To create the SingleR object simply run the following function:

singler = CreateSinglerSeuratObject(counts, annot = NULL, project.name,
  min.genes = 200, technology = "10X", species = "Human" (or "Mouse"), citation = "",
  ref.list = list(), normalize.gene.length = F, variable.genes = "de",
  fine.tune = T, reduce.file.size = T, do.signatures = T, min.cells = 2,
  npca = 10, regress.out = "nUMI", do.main.types = T,
  reduce.seurat.object = T, numCores = SingleR.numCores)
save(singler,file='singler_object.RData')

The returned singler object is a list that can be used for further analyses. See below.

Case 2: Already have a single-cell object

In this case we already have a single-cell object with tSNE coordinates and clusters. We want to annotate this object and use those parameters.

To create the SingleR object simply run the following function:

singler = CreateSinglerObject(counts, annot = NULL, project.name, min.genes = 0,
  technology = "10X", species = "Human", citation = "",
  ref.list = list(), normalize.gene.length = F, variable.genes = "de",
  fine.tune = T, do.signatures = T, clusters = NULL, do.main.types = T, 
  reduce.file.size = T, numCores = SingleR.numCores)

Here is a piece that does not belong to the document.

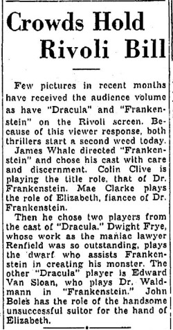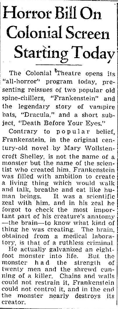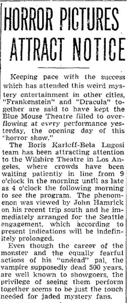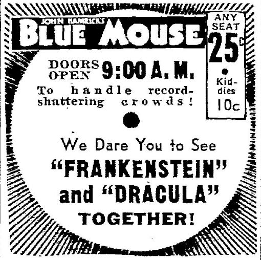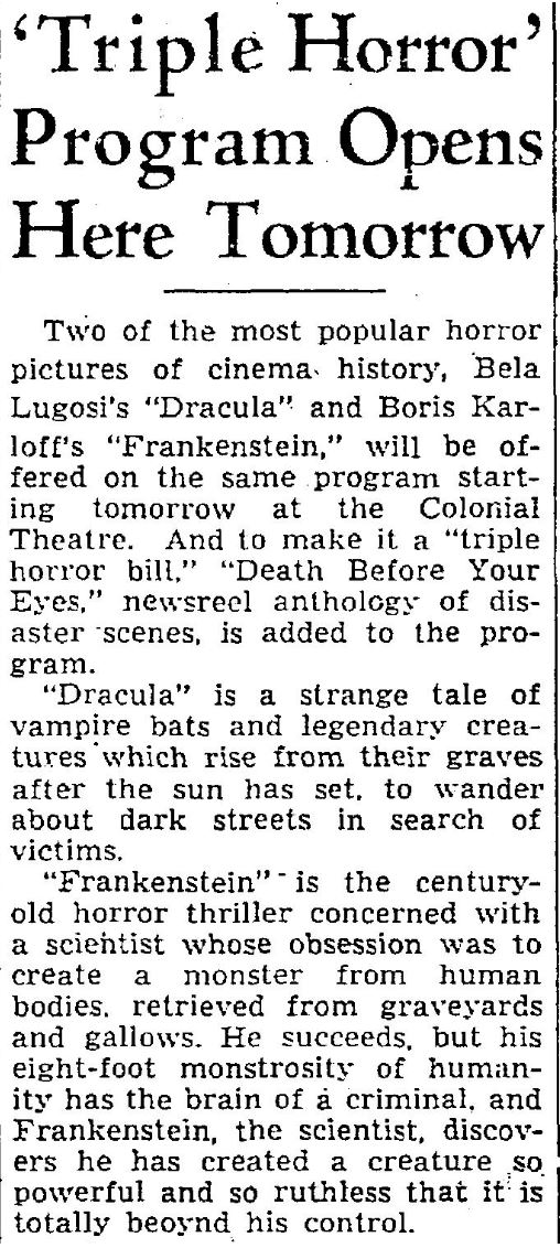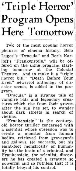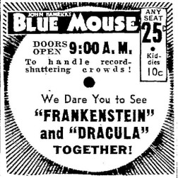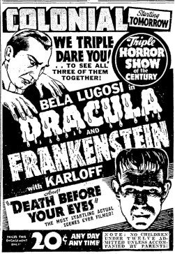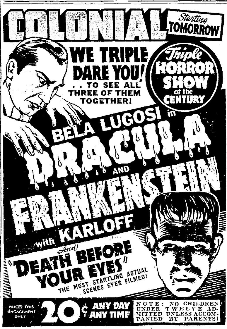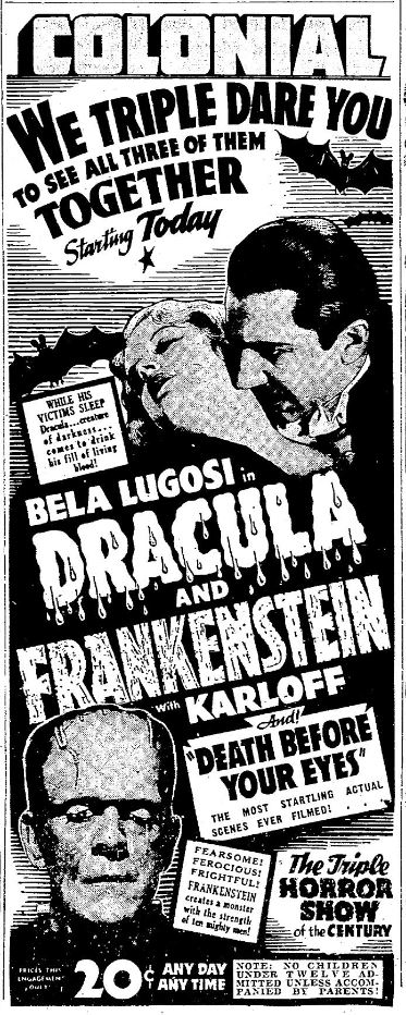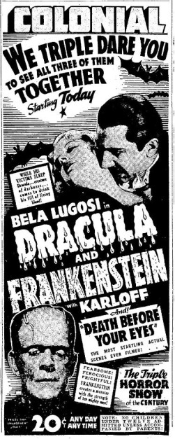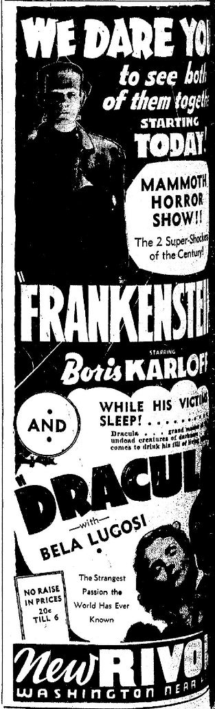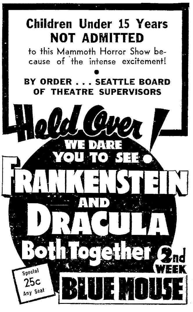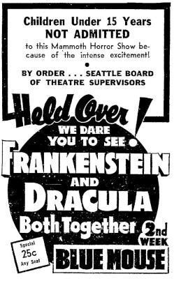 Universal quickly moved the double-bill to a theater which paid by percentage as opposed to a straight rental. They then sent the double-bill up the coast to Seattle where it proved that this wasn't a fluke and then sent it all over the country. It even came back for another Seattle run at the Colonial with an added feature of "Death Before Your Eyes." For more detail on this saga, see the excellent Greenbriar Picture Shows article.

singler$seurat = seurat.object # (optional)
singler$meta.data$orig.ident = seurat.object@meta.data$orig.ident # the original identities, if not supplied in 'annot'

## if using Seurat v3.0 and over use:
singler$meta.data$xy = seurat.object@reductions$tsne@cell.embeddings # the tSNE coordinates
singler$meta.data$clusters = seurat.object@active.ident # the Seurat clusters (if 'clusters' not provided)

## if using a previous Seurat version use:
singler$meta.data$xy = seurat.object@dr$tsne@cell.embeddings # the tSNE coordinates
singler$meta.data$clusters = seurat.object@ident # the Seurat clusters (if 'clusters' not provided)

# this example is of course if the previous analysis was performed with Seurat, but any other previous coordinates and clusters can be used.

save(singler,file='singler_object.RData')

All the parameters are similar to case 1.

Creating a new reference data set

We have a reference dataset that we want to use. It contains N samples that can be annotated to n1 main cell types (i.e. macrophages or DCs) and n2 cell states (i.e. alveolar macrophages, interstitial macrophages, pDCs and cDCs).

The gene expression data should be gene-length normalized (TPM, FPKM etc.) and in log2 scale. The rownames must be gene symbols.

This is how we define the reference object:

  name = 'My_reference'
  expr = as.matrix(expr) # the expression matrix
  types = as.character(types) # a character list of the types. Samples from the same type should have the same name.
  main_types = as.character(main_types) # a character list of the main types. 
  ref = list(name=name,data = expr, types=types, main_types=main_types)
  
  # if using the de method, we can predefine the variable genes
  ref$de.genes = CreateVariableGeneSet(expr,types,200)
  ref$de.genes.main = CreateVariableGeneSet(expr,main_types,300)
  
  # if using the sd method, we need to define an sd threshold
  sd = rowsSd(expr)
  sd.thres = sort(sd, decreasing = T)[4000] # or any other threshold
  ref$sd.thres = sd.thres
  
  save(ref,file='ref.RData') # it is best to name the object and the file with the same name.
  
  # we can then use this reference in the previous functions. Multiple references can used.
  singler = CreateSinglerObject(... ref.list = list(immgen, ref, mouse.rnaseq)

Using the object

There are examples in http://comphealth.ucsf.edu/sample-apps/SingleR/SingleR_specifications.html

We will soon add more simple examples with full analysis of datasets.